The main idea behind this Google Summer of Code project is to expand the nonparametric capabilities of statsmodels - a statistical library for Python. Nonparametric estimation requires almost no assumptions about the true distribution. We only require that the "true" distribution is smooth and differentiable.
The most well-known example of a nonparametric estimation is the simple histogram. By looking at the frequency of the data we infer characteristics of its probability distribution (normality, skewness, variance etc.). The field of nonparametric econometrics take this idea a little further by developing theoretically consistent ways of dealing with the bandwidth selection (e.g. number and width of the bins), incorporating multiple variables and estimating joint probability distributions of the type f(X_1,X_2,...X_n), working with mixed data types (continuous, ordered and unordered variables) estimating conditional densities etc.

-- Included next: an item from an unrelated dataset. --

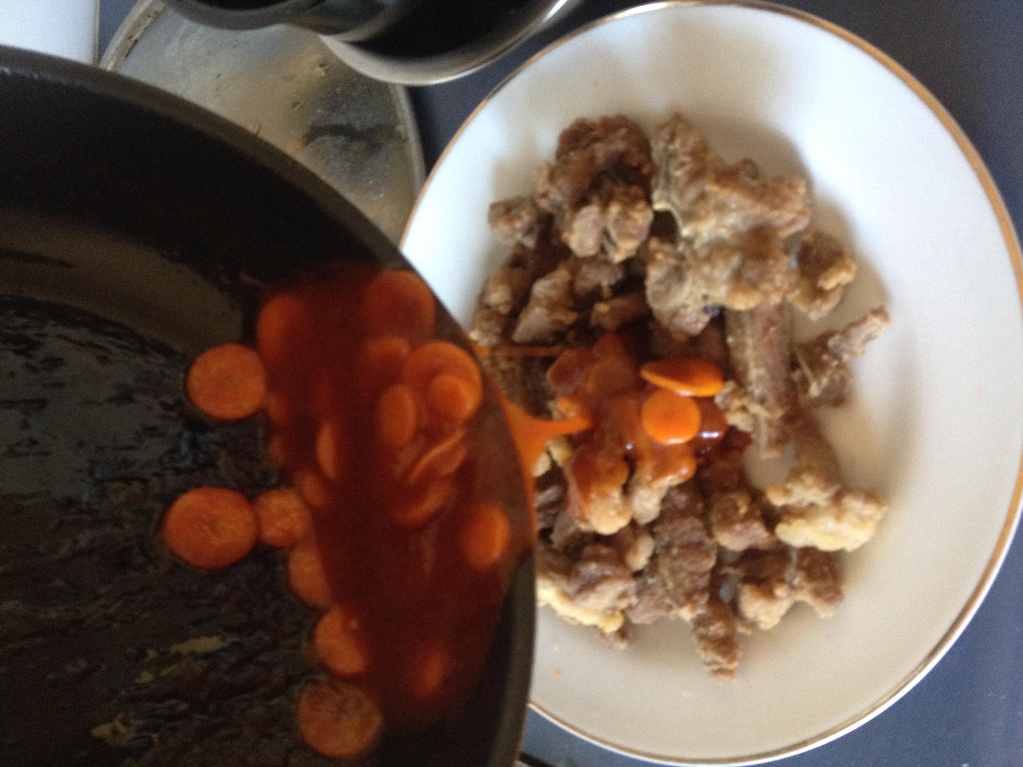 照片是我拍的,东西是我做的,食谱也是我一个一个打出来的哦 第一步,先把羊肉洗净,切块,用盐和五香粉腌20分钟,拌上干面粉,放到热油里炸三分钟,捞出,再次放入热油里炸三十秒,炸两次才酥哦,做厨师的朋友告 ...

Of course nonparametric estimation is not a "silver bullet". Not having to specify a priori assumptions about the true state of the world is a luxury and it comes at a price. A major drawback of nonparametric estimation is that consistent results require a great deal more data than the usual parametric methods. Furthermore, some of the bandwidth selection methods are computationally intensive and can take significant amounts of computational time. Working with many variables can also be challenging as one quickly runs into the "curse of dimensionality" - adding continuous variables rapidly increases the need for more data.
That being said, the growing computational capabilities of computers combined with the rapid accumulation of data from all walks of life will make the nonparametric methods an appealing inferential tool.